T is often talked about on this forum, but I haven't seen an analysis of it. I have been watching it for some time, so I figured I'd do a quick write up.

Overview:

There are 3 main businesses: wireless, broadband/wireline, and WarnerMedia. Their primary focuses are expanding 5G (which will also allow to sell hardware) and expanding fiber which aid their transition to be more software focused allowing them to lower costs and expand product portfolio. With write-downs and selling of non-core assets (DirectTV, Playdemic and Vrio) and spinning off WarnerMedia, they are focusing primarily on wireless and broadband services going forward.

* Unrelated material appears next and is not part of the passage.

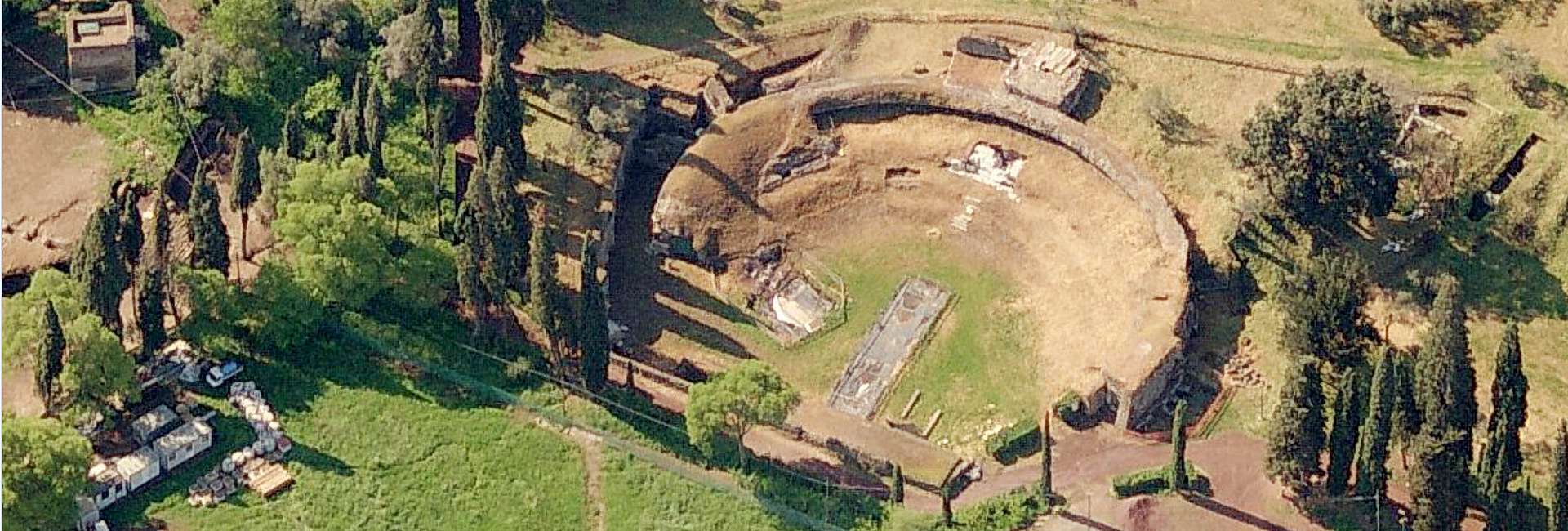 The Greek Theater is near the entrance to Villa Adriana but little is left since for centuries it was a comfortable quarry of building materials. The inhabitants of Tivoli took advantage of it and the marbles disappeared. Recent excavations by the Pablo Olavide University of Seville (Spain) have brought to light many previously unknown structures.

They are also doing substantial cost-cutting and streamlining efficiencies.

Valuation:

At $23.46, they have a market cap of 167 billion. Their 2020 FCF was 27B, which is a Price to FCF ratio of 6. After Warner Spinoff they are projecting at least 20B in FCF which is a ratio of at least 8. They will be about 2.6x Debt to EBIDTA and given their P/B of about 1 now (likely less after merger), they will be able to almost immediately utilize value accretive buybacks with their substantial cash flow.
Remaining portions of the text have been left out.